WHAT THE EXERCISE ASKS - Everything from the line holding "デュルビュイの街を観光した後" to the last line of the material below must be retyped exactly, minus any pictures.

SOURCE MATERIAL -

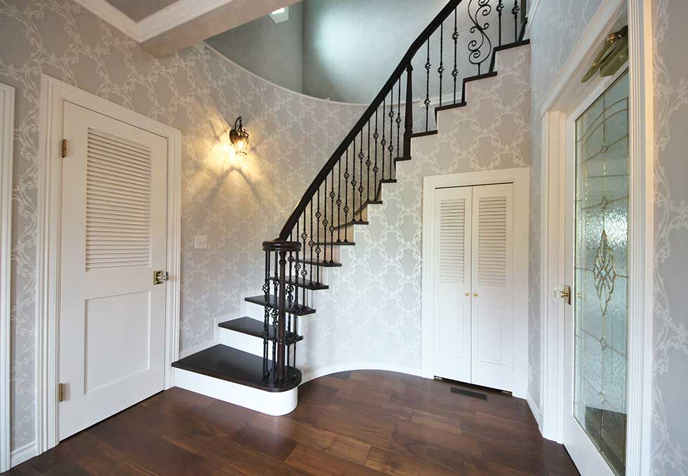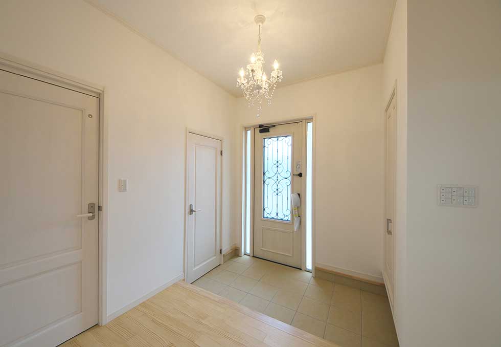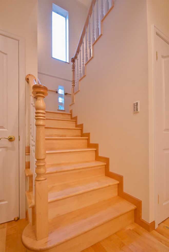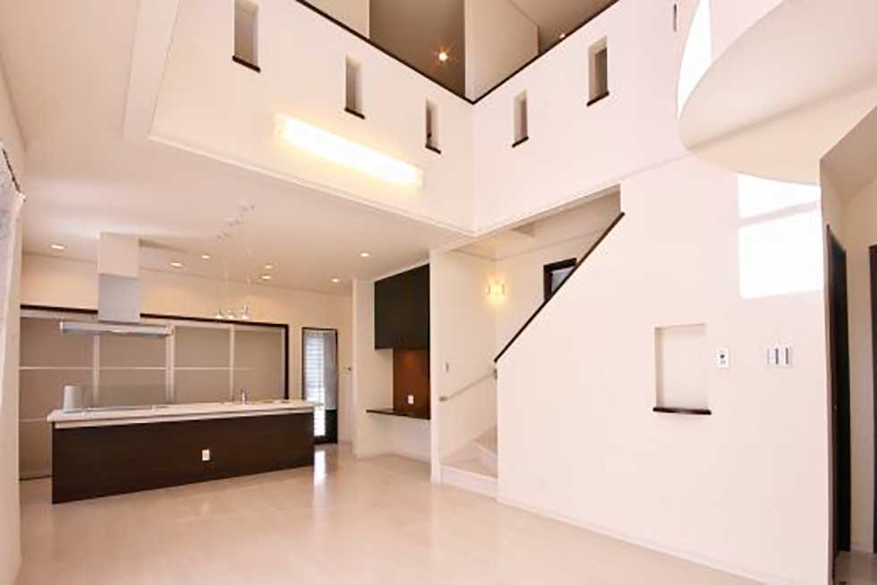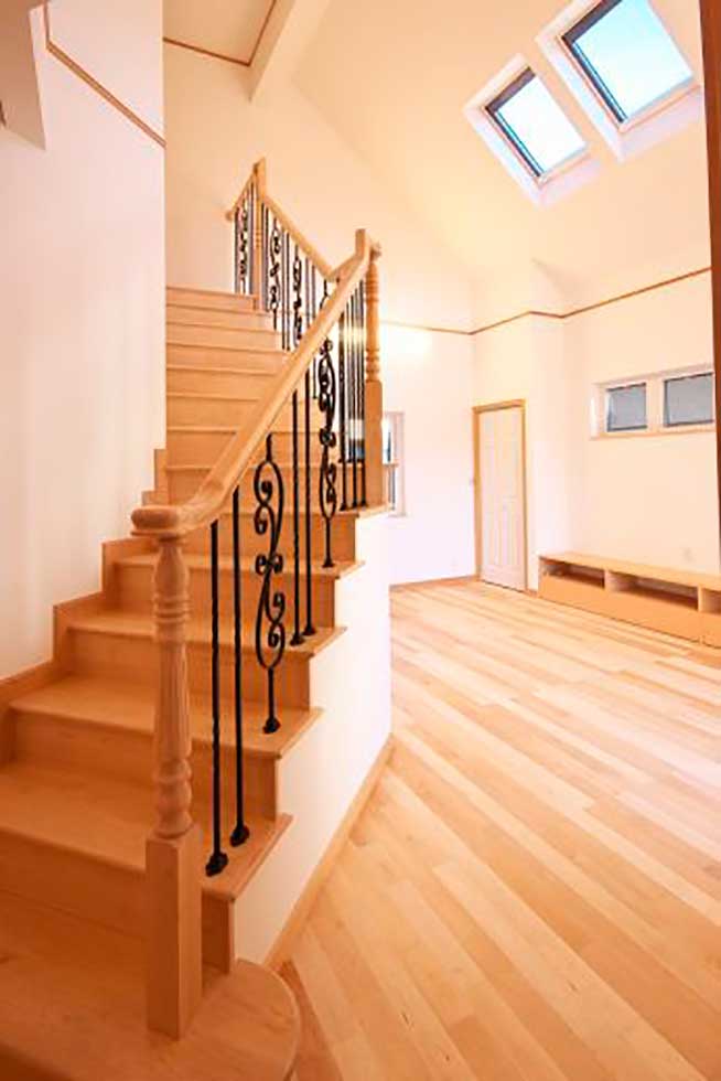 主寝室を1階として、クローゼットから洗濯室、洗面、浴室へと回遊同線をとり、リビング横には和室も配置して将来的には1階のみでも生活できます 御施主様の御要望でサーキュラ階段を取り入れたいとの事でしたので 玄関ホールにサーキュラ階段を設置し、インパクトのある玄関ホールとなりました
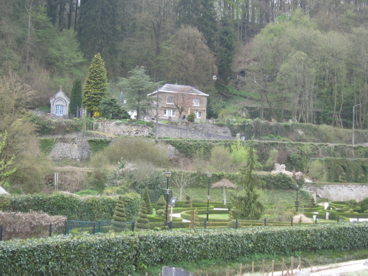 デュルビュイの街を観光した後に、駐車場へ向かう途中、川沿いにこちらのトピアリー公園を発見しました。「世界で一番小さな町にある世界で一番大きなトピアリー公園」、というのがキャッチフレーズだそうです。広大な敷地に様々な形のトピアリーが作られています。有料となっています。
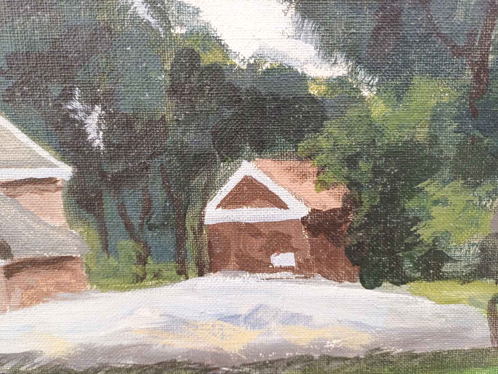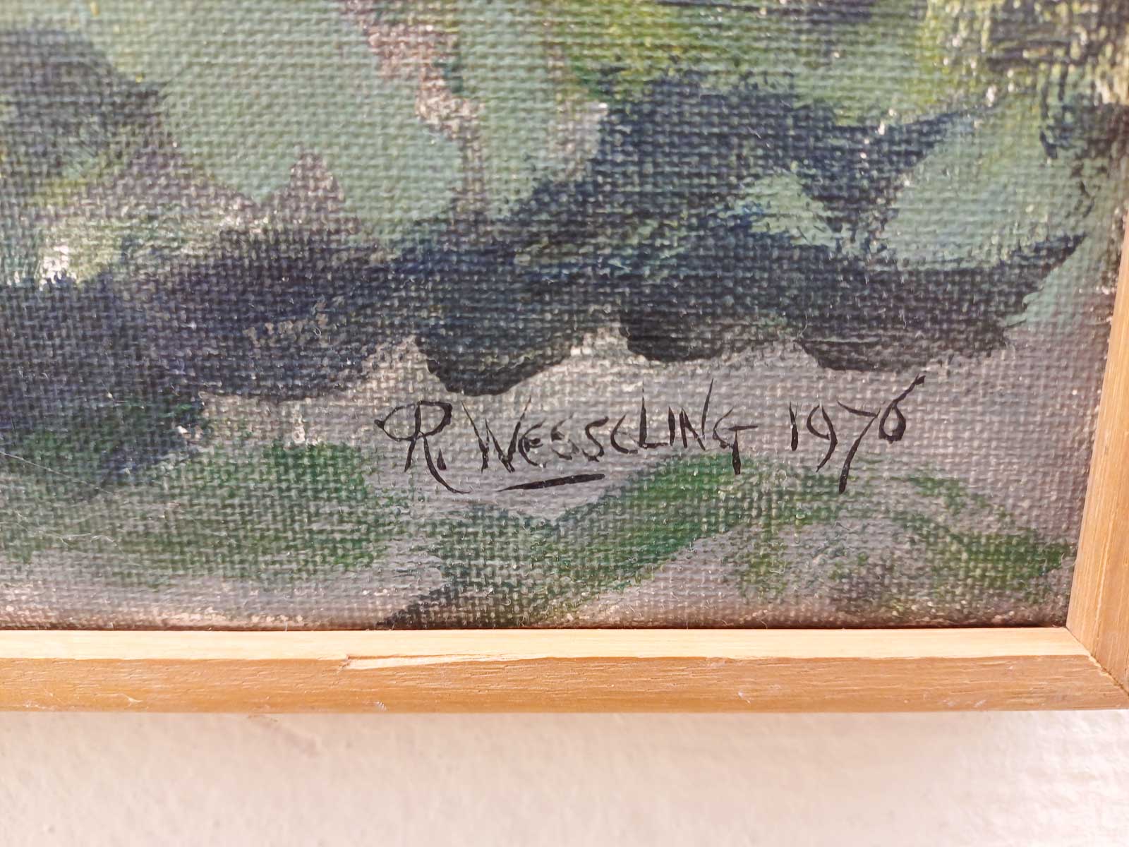 het schilderij is geschilderd op doek ziet er nog goed uit
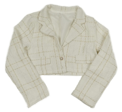 Bielo-zlaté kockované podšité crop sako Shein
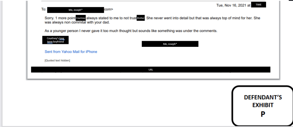 The email was damning to Mother’s social credit. It says that my dead sister did not trust her own Mother. This was great evidence for my case. My Mother and Father attempted to discredit the email by stating it was from “an acquaintance”. Lie. Shortly after the court case I received this line in an email from Courtney’s ex-boyfriend:
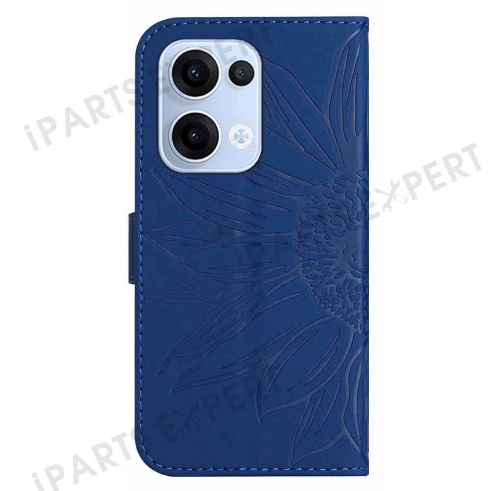For Oppo Reno13 5G (Global) Case Sunflower Imprint Leather Wallet Phone Cover with Wrist Strap - Sapphire
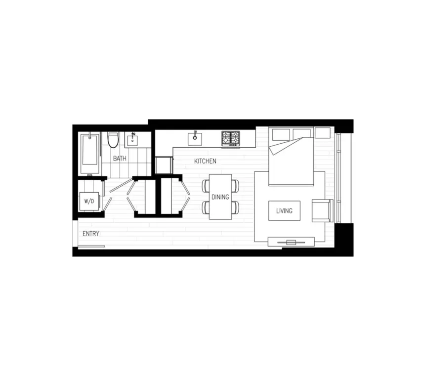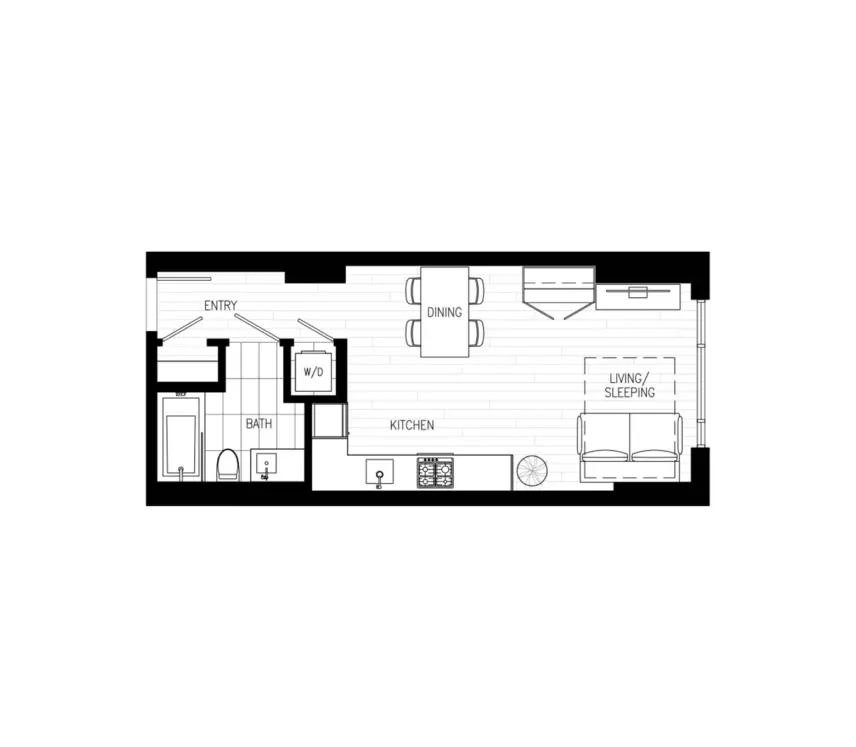 | Plan S | Studio + Flex | No | 550 | Rented |

ANSWER FOR THE TASK -
 デュルビュイの街を観光した後に、駐車場へ向かう途中、川沿いにこちらのトピアリー公園を発見しました。「世界で一番小さな町にある世界で一番大きなトピアリー公園」、というのがキャッチフレーズだそうです。広大な敷地に様々な形のトピアリーが作られています。有料となっています。
 het schilderij is geschilderd op doek ziet er nog goed uit
 Bielo-zlaté kockované podšité crop sako Shein
 The email was damning to Mother’s social credit. It says that my dead sister did not trust her own Mother. This was great evidence for my case. My Mother and Father attempted to discredit the email by stating it was from “an acquaintance”. Lie. Shortly after the court case I received this line in an email from Courtney’s ex-boyfriend:
For Oppo Reno13 5G (Global) Case Sunflower Imprint Leather Wallet Phone Cover with Wrist Strap - Sapphire
 | Plan S | Studio + Flex | No | 550 | Rented |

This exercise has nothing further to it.